How do you stay productive throughout your day?
I don’t! That sounds like living hell. Constant productivity is for suckers. I think like most people, I experience highs and lows of productivity throughout my day. The trick I strive for is to defend the white space in my calendar, so I have time to think and imagine and learn new things and build relationships that are deeper and more fulfilling. Nonstop productivity, squeezing in just one more TPS report each day, and then another… all that will get you is burnout. Then how’s your productivity?

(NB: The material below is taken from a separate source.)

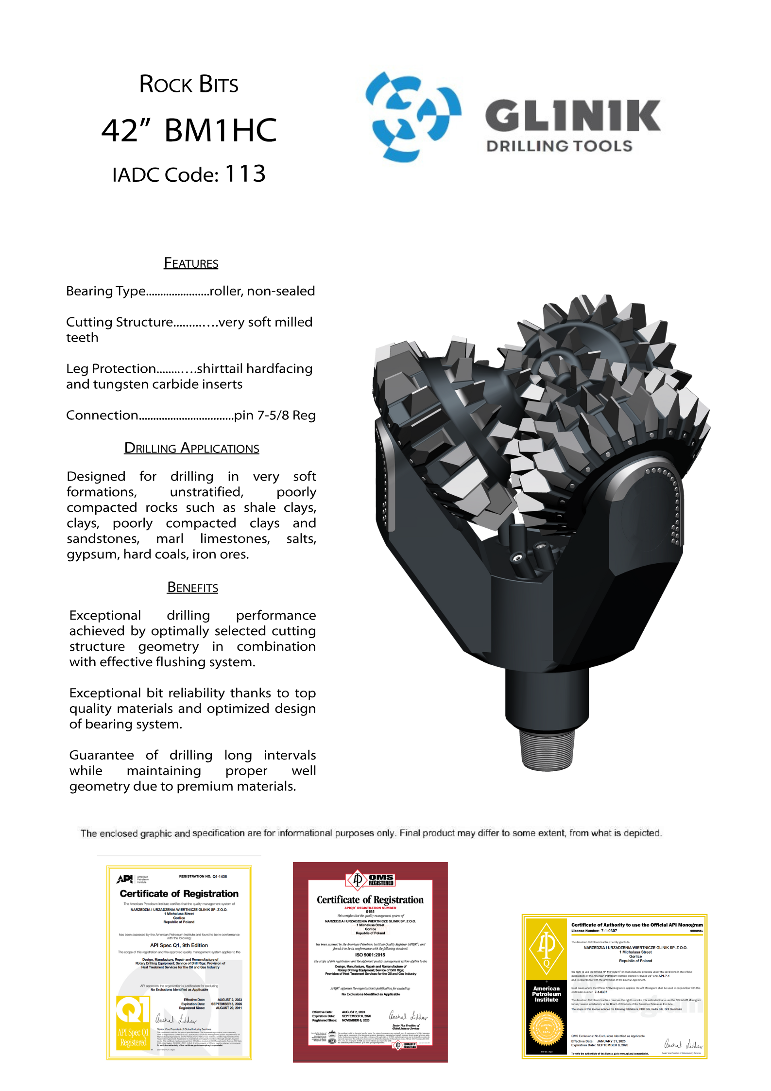 Świdry trójgryzowe, których struktura tnąca opiera się na wysokiej jakości frezowanych zębach stalowych pokrytych napoiną wykonaną z materiałów trudnościeralnych, dostosowanych do przewiercanych formacji we wszystkich aplikacjach wiertniczych. W naszych rozwiązaniach wykorzystujemy łożyska uszczelnione i nieuszczelnione w zależności od preferencji Klienta. Wysoki postęp wiercenia jest zapewniony dzięki zastosowaniu efektywnego płukania struktury tnącej i dna otworu. Zakres średnic obejmuje od 2-3/8”(60,5mm) do 42” (1066.8mm).

To be fair, one might counter that I am always productive, and by mixing up my routine throughout the day, I can comfortably pull a 16-hour day whereas a straight grind would kill me at 8. I won’t argue. But talking about interesting things with fascinating people, writing about important experiences you’ve had…? If that’s work, then don’t tell me! It seems like all I do is play.

What is “required reading” or “required viewing” for people who want to understand what makes you tick?
I read about a book a week. My very favorite, the most thought-provoking ones, we stick in our Business Heretic’s Bookstore. If it’s there, it’s what I stand for. That is where you find my required reading. The bookstore, plus our blog (where many of those authors guest-post, I’m proud to say). http://switchandshift.com/businesshereticslibrary

Having said that, I’m in the middle of Adam Grant’s Give and Take. Buy that book and read it. You’ll forget to eat, it’s that good. And that important. Professor Grant has written the type of book you only find once a decade, if that.

How can people connect with you?

http://switchandshift.com
https://twitter.com/tedcoine
http://www.linkedin.com/profile/view?id=3303303

I soooo don’t recommend you try to reach me another way. Even my email will tell you to tweet me if it’s an emergency.

Where in the world are you?
Naples, Florida. We have a beach, the Interwebs, and an airport. It’s all I need.